The pandemic has caused countless individuals’ significant financial turmoil. This guide explores how to get your finances back on the right track.

Are you struggling financially in the wake of the Coronavirus pandemic? You are not alone. Whether due to rising living costs or issues with redundancy and reduced pay, countless families are still finding it difficult to get their finances back on track. Here are some key options that can help you recover.

Cutting Expenses

First, you should consider how you can save more money on your personal budget. While this is the least “fun” way to get your finances in order, it is sometimes the quickest. This may mean becoming more frugal and cutting unnecessary expenses. Saving money in your budget will ensure that you have more to spend on necessities and can help ensure that you are able to pay off any debts that you have accumulated through the pandemic. One of the ways that you can save money is by using energy efficient tools. For instance, you may want to limit the amount of energy that you are using around your home daily by switching to a smart thermostat that only heats/cools when your home, only during daytime hours, etc. It’s worth doing a quick search on energy efficient rebates in your state to see what other incentives are available that will allow you to save on your monthly utilities, as well has help pay for any upgrades it would take to become more efficient.

Ask for a Raise

This may seem unrealistic to many, but it’s surprisingly easy and low risk to simply ask your employer for a raise. If you’ve managed to keep your job during the pandemic, you are probably adding value to your employer and asking for a raise can be the simplest way to help stay on top of your finances and get ahead. Make a detailed report of what you do, the value you add, how inflation has increased living expenses, how you intend to add more value down the road, etc. And what’s the worst that can happen? If the answer is “No —this gives you the opportunity to ask what you need to do to earn that next bump in pay. Having this goal in writing from your employer gives you a clear path to that next pay increase.

Develop Second Source of Income

Next, have you considered developing a second source of income? Financial experts agree that these days that having different channels of income to fall back means less risk, regardless of how much you earn originally.

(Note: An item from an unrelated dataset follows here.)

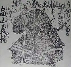 Hatakeyama Yoshinari (畠山 義就; 1437? – January 21, 1491) was a Japanese samurai and feudal lord (daimyō) of the Muromachi period (early 15th century), who is most known for his rivalry with Hatakeyama Masanaga over the position of Kanrei, or Shōgun's Deputy.

There are numerous options that could be suitable for a secondary income including passive possibilities, such as trading and investments, renting out spare rooms, selling items you don’t need online, etc. The right source of second income will help you stay on track financially and pay off any debt that may have accumulated during the pandemic.

Devise a Debt Plan

Many people did go into debt during the worst of the pandemic, whether it was because you lost work, or your housing expenses increased. If you have seen your debt increase during the pandemic, it’s important to explore creating a debt plan. You may want to speak with a debt advisor to discuss your options. One possibility worth exploring could be a debt consolidation loan. This helps ensure that multiple debts from various creditors become more manageable, can lower your monthly payment and/or the interest you’re paying. Just as debt can snowball and your balances increase quickly, acting on a debt plan can snowball in the right direction as you pay down balances and interest becomes more manageable.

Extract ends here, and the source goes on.